A ball is attached to the end of a string and spun horizontally. Its position relative to a given point, $O$ , at time $t$ seconds, $t \geq 0$ , is given by the equation

$r = (\begin{matrix} 1.5 \cos (0.1 t^{2}) \\ 1.5 \sin (0.1 t^{2}) \end{matrix})$ where all displacements are in metres.

The string breaks when the magnitude of the ball’s acceleration exceeds $20 {ms}^{- 2}$ .

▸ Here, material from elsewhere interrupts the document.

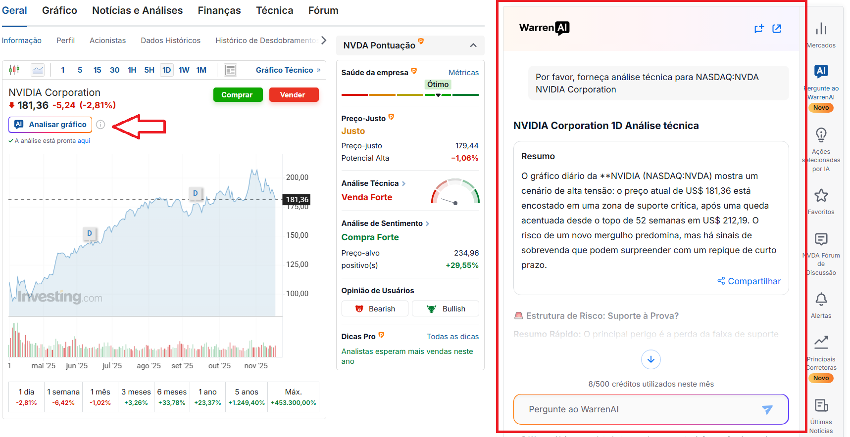 Agora vamos ver o que o WarrenAI enxerga atualmente no gráfico diário de Nvidia.
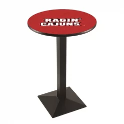 Made for the ultimate sports fan, you will be proud to show where your loyalty lies with this impressive Officially Licensed pub table from the Holland Bar Stool Co. This L217 table with square base is sure to add a touch of class to your setting. You can't find a higher quality logo table on the market. The sublimated, full color, scratch resistant, laminate top it attached with a VOC free, environmentally friendly, hot-melt adhesive. Table bases are commercial quality with a cast iron base plate, steel column, and spider. The base is powder coated black wrinkle to ensure a rich, sleek, long lasting finish. The bases are easy to assemble and with locking tabs, top and bottom, are strong and steady. Tables have adjustable feet to accomodate any floor surface. If you're going to finish your bar, game room, or man cave – do it right with a table from the Holland Bar Stool Co.

Show that the ball is moving in a circle with its centre at $O$ and state the radius of the circle.

[4]

a.

Find an expression for the velocity of the ball at time $t$ .

[2]

b.i.

Hence show that the velocity of the ball is always perpendicular to the position vector of the ball.

[2]

b.ii.

Find an expression for the acceleration of the ball at time $t$ .

[3]

c.i.

Find the value of $t$ at the instant the string breaks.

[3]

c.ii.

How many complete revolutions has the ball completed from $t = 0$ to the instant at which the string breaks?

[3]

c.iii.

Markscheme

* This sample question was produced by experienced DP mathematics senior examiners to aid teachers in preparing for external assessment in the new MAA course. There may be minor differences in formatting compared to formal exam papers.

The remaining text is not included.